WhatsApp CEO, Co-Founder Jan Koum Is Leaving Facebook

WhatsApp CEO, Co-Founder Jan Koum Is Leaving Facebook

WhatsApp CEO, Co-Founder Jan Koum Is Leaving Facebook

Koum announced his departure on Monday; he said it was time for him to move on, and made no mention of any tension with Facebook. And I'll still be cheering WhatsApp on - just from the outside. Facebook bought WhatsApp back in February 2014 for $19.3 billion. In September 2007 Koum and his friend, Acton, left Yahoo and took a year off, traveling around South America and playing ultimate frisbee.

WhatsApp is free to users and has long eschewed advertising-the main source of Facebook's business-leaving it with little or no revenue.

"It's been nearly a decade since Brian and I started WhatsApp, and it's been an awesome journey with some of the best people", Koum posted on his personal Facebook page on Monday.

Another person familiar with the matter said Mr. Koum won't leave immediately and is expected to walk away with his Facebook stock nearly fully vested. A Facebook spokeswoman declined to answer questions, including whether Mr. Koum would remain on Facebook's board of directors.

Facebook scrapped WhatsApp's annual fee but Mr Koum and Mr Zuckerberg ruled out advertising on WhatsApp.

Commercialising WhatsApp has always been a hot topic, with the messaging service dropping its annual $1 subscription fee in 2016.

Neither Koum nor Facebook were immediately available for comment. But Zuckerberg has reportedly pushed WhatsApp to "move faster" to grow its business base, despite scrutiny from the United Kingdom government about its privacy policy as well European Commission surrounding the company.

Reporter Elizabeth Dwoskin claims that the move came as a result of Koum's disagreements with "Facebook's attempts to use [WhatsApp]'s personal data and weaken its encryption".

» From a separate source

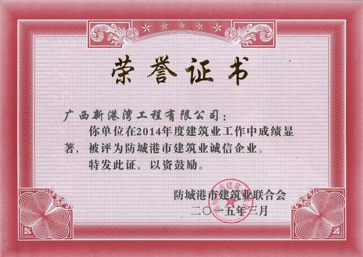 3月防城港市建筑業(yè)聯(lián)合會(huì)召開建筑企業(yè)誠信評(píng)定。會(huì)上公布了防城港市建筑企業(yè)誠信企業(yè)并頒發(fā)榮譽(yù)證書,廣西新港灣工程有限公司榮獲2014年度防城港市建筑企業(yè)誠信企業(yè)。

The clash becomes more apparent considering WhatsApp's pledge to users that in selling to Facebook, the company would preserve the independence and protection of user data - a promise it backed further by adding encryption in 2016, the Post notes.

Despite the Post's reporting, Koum portrayed his departure in positive terms.

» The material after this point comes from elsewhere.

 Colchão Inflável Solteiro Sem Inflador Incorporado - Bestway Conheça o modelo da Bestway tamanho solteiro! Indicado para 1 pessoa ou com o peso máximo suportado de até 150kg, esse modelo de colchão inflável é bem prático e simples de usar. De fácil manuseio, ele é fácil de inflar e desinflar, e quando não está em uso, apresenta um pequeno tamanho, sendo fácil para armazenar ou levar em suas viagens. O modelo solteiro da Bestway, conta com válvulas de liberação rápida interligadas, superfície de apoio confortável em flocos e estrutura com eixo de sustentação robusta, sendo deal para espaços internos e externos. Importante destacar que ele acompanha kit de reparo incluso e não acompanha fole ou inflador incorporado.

Today, WhatsApp is the world's most-used messaging app today with over one billion monthly users, that's more than double the 450 million it had at the date of the acquisition.

In March, Mr. Acton appeared to join critics of Facebook's handling of user data, with a message on his Twitter account saying "It is time". And Acton and Koum may be followed by an even larger falloff, as the WaPo report suggests November as a mass-exodus point, when original WhatsApp staffers will be allowed to exercise stock options.